Kabu Kabu
“Did you hear about it?” her father had said as he ran into the house that day, a big grin on his face. “One of the pipelines in the forest burst! Free fuel!”
Nigeria was one of the world’s top oil producers. Yet and still, as the years progressed, the Nigerian government had grown fat with wealth harvested from oil sales to America. The government, to the great detriment of the country, ate most of the oil profits and could care less about what the process of extracting the oil did to the land and its people. On top of all this, ironically, Nigeria’s people often suffered from shortages of fuel.
Anya’s father’s business thrived more from the sale of bicycle and okada parts and portables and computer repair than anything to do with cars and trucks. Fuel in Nigeria was liquid treasure. On the black market it was more valuable than clean water. Thus a burst pipeline attracted desperate pirates of all kinds.
Anya’s father grabbed two buckets and was off. Anya had heard him describe what happened next many times over the years. It was usually after he’d had several cups of her palm wine. When his mouth grew loose and pensive. He usually told the story in Igbo.
I ran to the site with great speed. I was so excited, o! With those buckets of fuel do you know how many bicycle parts I could transport in that useless piece of shit truck we have?
Since I’m big and strong, I was easily able to get to the front.

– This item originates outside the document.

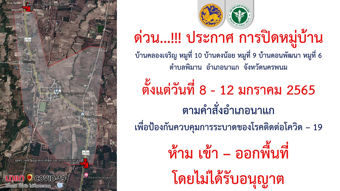 ขณะเดียวกัน สำนักงานสาธารณสุขจังหวัดนครพนม พร้อมด้วยคณะกรรมการโรคติดต่อ อ.นาแก อบต.พิมาน และเจ้าหน้าที่เกี่ยวข้อง ได้มีคำสั่งประกาศปิดพื้นที่ 3 หมู่บ้าน ปะกอบด้วย บ้านดอนพัฒนาหมู่ 6 บ้านดงน้อยหมู่ 9 และ บ้านคลองเจริญหมู่ 10 ต.พิมาน อ.นาแก หลังพบคลัสเตอร์หมอลำ เนื่องจากมีกลุ่มเสี่ยงไปร่วมงานหมอลำในพื้นที่เขตติดต่อ อ.ดงหลวง จ.มุกดาหาร ทำให้มีผู้ป่วยติดเชื้อ แล้วกว่า 60 ราย มีผู้ป่วยเสี่ยงสูงรอยืนยันผลตรวจกว่า 200 ราย จึงต้องปิดพื้นที่ 3 หมู่บ้าน ล็อกดาวน์ ตั้งแต่วันที่ 8 -12 ม.ค.2565 ห้ามเข้าออกโดยไม่ได้รับอนุญาต เพื่อตรวจสอบคัดกรองหาผู้ป่วย ป้องกันการแพร่ระบาด

There was a big big pool of fuel and over a hundred people gathered around it. It was like a pink pond. The fuel was coming out of the pipe like a fountain! Men, women, children, Igbos, Ogonis, Efiks, Yorubas, Hausas, Ijaw. We all may fight a lot but we’re all here together struggling, too. I even saw a white man there! We all needed fuel. Bowls, bottles, buckets, wheelbarrows, and jerricans; we used whatever we could to collect it.
The smell was overwhelming, o! Stung my nose and stuck to my clothes. We all withstood it with runny noses, turning our heads to the side and spitting, thinking we could just wash our clothes and bodies afterwards. Drink lots of water, beer, and palm wine to cleanse our systems. Fill our bellies with fu fu, soup, and plantain once our containers were full. It was madness. It’s still madness. Look what that damn government has turned us into. Robot zombies scrambling for a sip of fuel!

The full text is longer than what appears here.